CVE-2021-46592: 
Bentley MicroStation CONNECT vulnerability analysis and mitigation

CVE-2021-46592 is a vulnerability in Bentley MicroStation CONNECT 10.16.0.80 that allows remote attackers to execute arbitrary code. The vulnerability was discovered by Mat Powell of Trend Micro Zero Day Initiative and disclosed in January 2022. User interaction is required to exploit this vulnerability, as the target must visit a malicious page or open a malicious file (ZDI Advisory, Vendor Advisory).

The vulnerability exists within the parsing of 3DS files. The specific flaw results from the lack of validating the existence of an object prior to performing operations on the object, leading to a use-after-free condition. The vulnerability has been assigned a CVSS v3.1 base score of 7.8 (HIGH) with the vector: CVSS:3.1/AV:L/AC:L/PR:N/UI:R/S:U/C:H/I:H/A:H. The vulnerability is tracked as ZDI-CAN-15386 (ZDI Advisory).

An attacker who successfully exploits this vulnerability can execute arbitrary code in the context of the current process, potentially gaining the same privileges as the logged-in user.
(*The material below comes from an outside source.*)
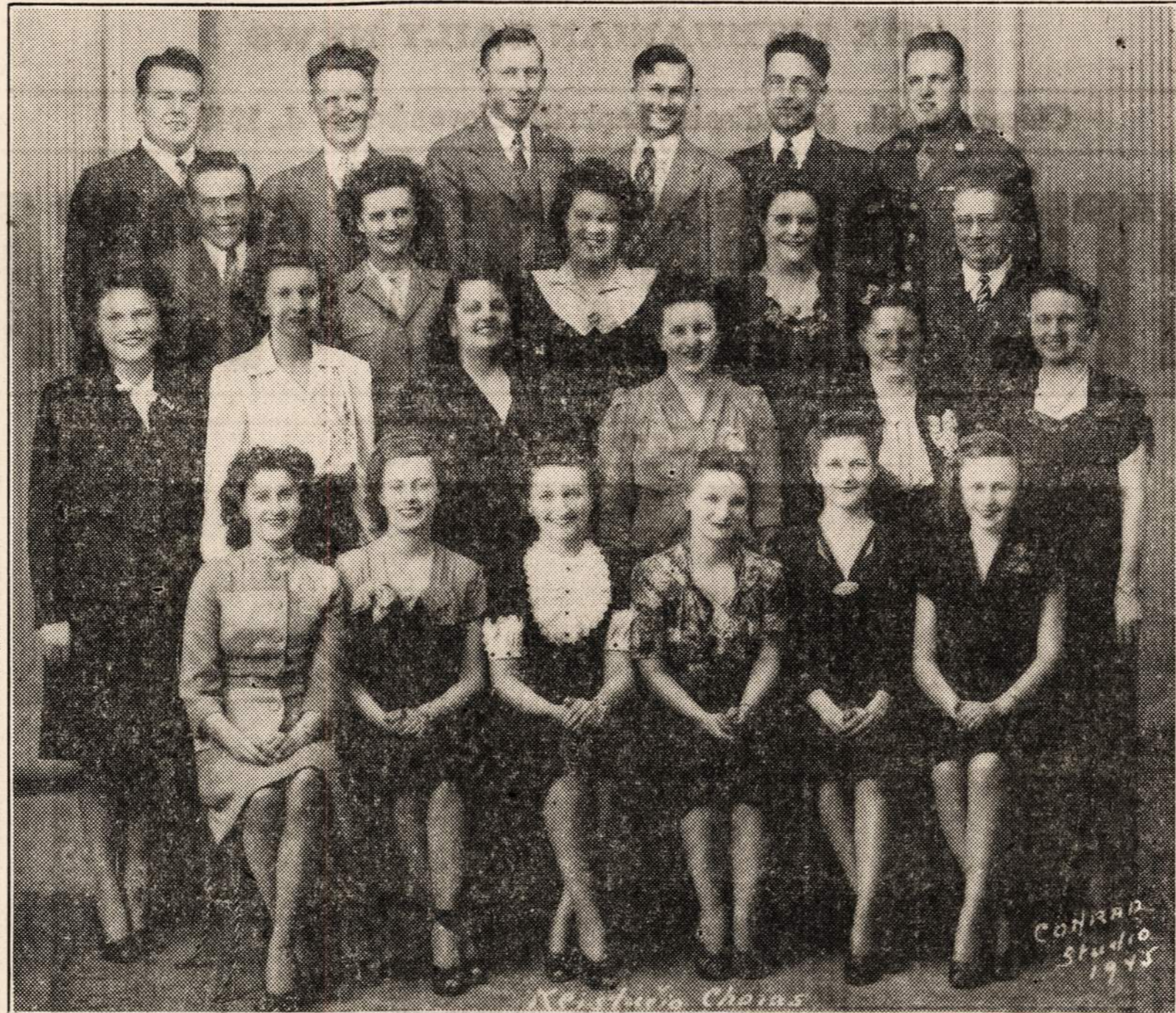
Keistučio Choras; šis šaunus choras dainuos Keistučio Klūbo koncerte rytoj, sekmadienį, lapkričio 18, Chicagos Lietuvių Auditorijoje, 3133 So. Halsted street. Dainuos taipgi kiti du chorai, būtent Vyrų ir Alice Stephens Singers. Pradžia 5 val. vakaro.

This could lead to unauthorized access, data manipulation, or system compromise (ZDI Advisory).

Bentley has released version 10.16.02 and later to address this vulnerability. Users are recommended to update to the latest version of MicroStation and MicroStation-based applications. As a general best practice, it is also recommended to only open 3DS files coming from trusted sources (Vendor Advisory).